Buoyed by significant public investment in the 2021-22 national budget, combined with attractive incentives for private developers, Kenya’s affordable housing sector is well positioned to provide attractive opportunities for investors, according to Vivian Ombwayo, Director of research and evaluation at Broll Kenya
“The affordable housing sector in Kenya provides an opportunity for developers to diversify their portfolios, especially those primarily focused on commercial space. This means they are able to diversify into the residential sector, thanks to attractive government incentives,” commented Jess Cleland, COO excluding SA, valuations and Intel at Broll.
Omwayo points out that the abundance housing opportunities in Kenya allow complementary users to be included in affordable housing projects, such as retail, offices, institutions and also medical facilities.
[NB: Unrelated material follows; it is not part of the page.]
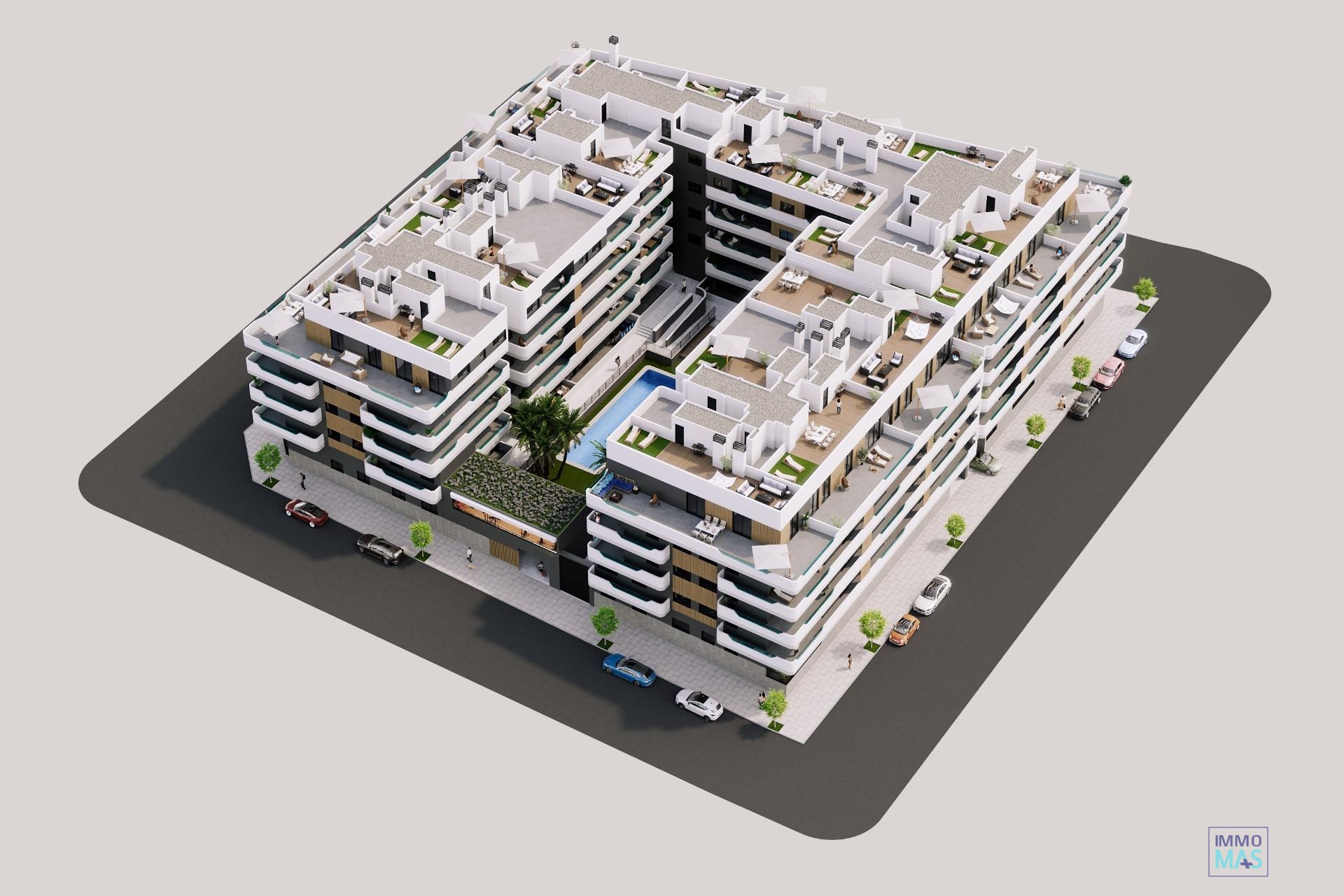 NEW BUILD RESIDENTIAL COMPLEX IN SANTA POLA New Build modern gated residential complex consisting of 1, 2 and 3 bedroom apartments and penthouses with 2 complete bathrooms. The complex consists of 4 staircases of flats with spacious landscaped communal areas, including swimming pool, relaxation area and gymnasium. All properties have been carefully designed to provide you with an exceptional living experience, with high quality finishes and a modern style. Enjoy the spacious terraces, where you can relax, enjoy al fresco dining and watch the most spectacular sunsets. The location is simply unbeatable: next to the centre of Santa Pola and the palm grove, and only a few minutes from the promenade, you will be close to a wide range of restaurants, bars and supermarkets. Excellent connection with the national road 332, which connects all the southern Costa Blanca, and with the airport in only 15 minutes.

This means that at the end of the day, while having to manage their revenues and costs carefully, private developers are able to achieve a healthy return from comprehensive affordable housing projects.
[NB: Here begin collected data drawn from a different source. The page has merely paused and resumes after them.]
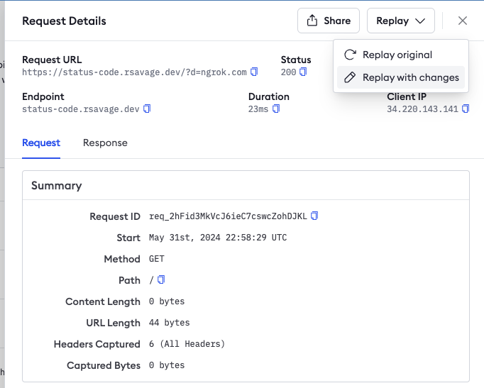 We are excited to announce that you can now customize and change the request before replaying it to your upstream service. This allows you to swap out headers, update credentials, or change values in the body to see how your service behaves.
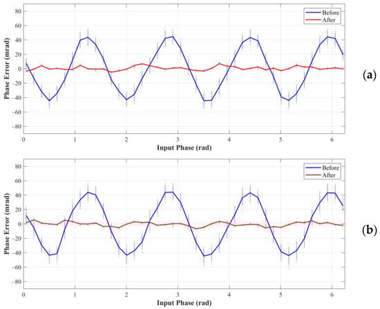 It can be inferred from Figure 5b, Equation (15), and Equation (18) that the wiggling errors of the two measurements are exactly opposite. Therefore, we add the measured phases of the two measurements to cancel the wiggling error and get the phase shift :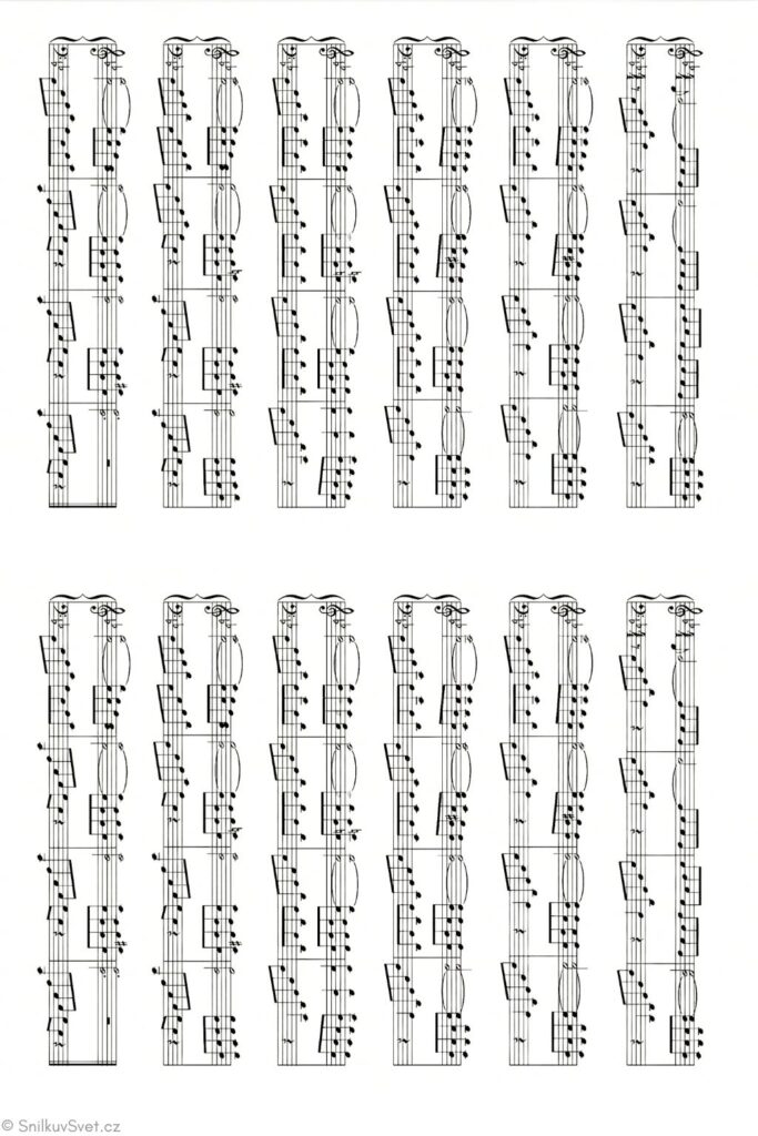 - Notový papír (nebo jakýkoliv pevnější papír s potiskem).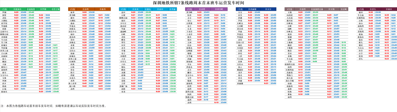 據(jù)介紹,周末期間1號(hào)線羅湖、機(jī)場(chǎng)東首班車時(shí)間提前至6:20,部分中間站的首班車最早提前至6:05左右;半程末班車服務(wù)延長至23:40分,分別從羅湖往前海灣、機(jī)場(chǎng)東往竹子林方向發(fā)車。2號(hào)線往新秀方向部分中間站首班車提前至6:00,往赤灣方向末班車延長至23:30。3號(hào)線部分中間站的首班車提前至6:05左右;半程末班列車服務(wù)保持原有的23:30,分別從益田往塘坑、雙龍往華新發(fā)車。9號(hào)線部分中間站的首班車最早提前至6:05左右;半程末班列車服務(wù)延長至23:30,分別從文錦至深圳灣公園、前灣至孖嶺發(fā)車。
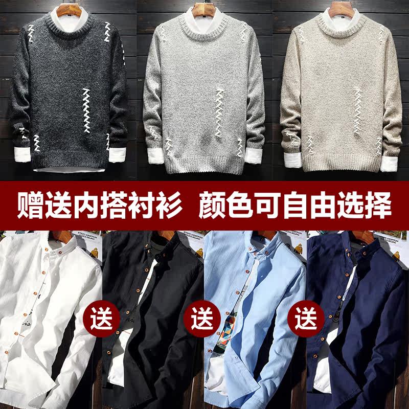 Sweater men's Han version Body Trend Thickening of the Personality Beating of the Bottom Pin-knitted sweatshirt Autumn Winter Round Collar Loose Wool clothing

She further explained, “It starts with raising the standard of living for the end users, especially with the Covid-19 pandemic since health is associated with housing. It also increases the employment rate of the country, reduces the crime rate of the community receiving social income from such projects, and facilitates overall community integration. The associated training and development programs are also highly beneficial to local communities. »
Although there is no formal definition of what constitutes affordable housing in the Kenyan property market, according to the Kenya Mortgage Refinance Company Plc (KMRC), the ceiling for a typical three-bedroom unit is four million Kenyan shillings (KES). “However, much depends on the developers themselves, who often base the definition of affordable housing not only on cost, but also on proximity to socio-economic amenities,” noted Omwayo.